**Supplied data**.
◇ ◇ ◇ ◇ ◇ ◇ ◇

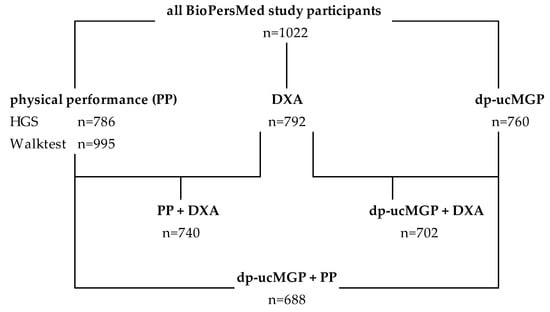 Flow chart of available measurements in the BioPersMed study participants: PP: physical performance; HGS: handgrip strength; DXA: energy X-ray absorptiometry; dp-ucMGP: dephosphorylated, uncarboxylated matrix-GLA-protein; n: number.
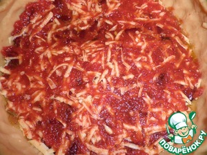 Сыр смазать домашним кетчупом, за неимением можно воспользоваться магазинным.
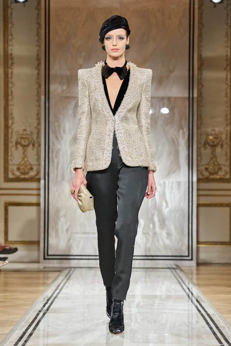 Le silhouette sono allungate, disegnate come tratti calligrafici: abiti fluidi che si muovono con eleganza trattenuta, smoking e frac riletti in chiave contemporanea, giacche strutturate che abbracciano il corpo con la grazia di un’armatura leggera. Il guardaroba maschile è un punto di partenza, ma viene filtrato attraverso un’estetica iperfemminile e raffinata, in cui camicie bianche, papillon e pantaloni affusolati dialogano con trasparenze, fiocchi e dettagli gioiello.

◇ ◇ ◇ ◇ ◇ ◇ ◇

**The task**. Every line of the data above should be returned exactly, with the pictures removed.

**Answer space**.
 Flow chart of available measurements in the BioPersMed study participants: PP: physical performance; HGS: handgrip strength; DXA: energy X-ray absorptiometry; dp-ucMGP: dephosphorylated, uncarboxylated matrix-GLA-protein; n: number.
 Сыр смазать домашним кетчупом, за неимением можно воспользоваться магазинным.
 Le silhouette sono allungate, disegnate come tratti calligrafici: abiti fluidi che si muovono con eleganza trattenuta, smoking e frac riletti in chiave contemporanea, giacche strutturate che abbracciano il corpo con la grazia di un’armatura leggera. Il guardaroba maschile è un punto di partenza, ma viene filtrato attraverso un’estetica iperfemminile e raffinata, in cui camicie bianche, papillon e pantaloni affusolati dialogano con trasparenze, fiocchi e dettagli gioiello.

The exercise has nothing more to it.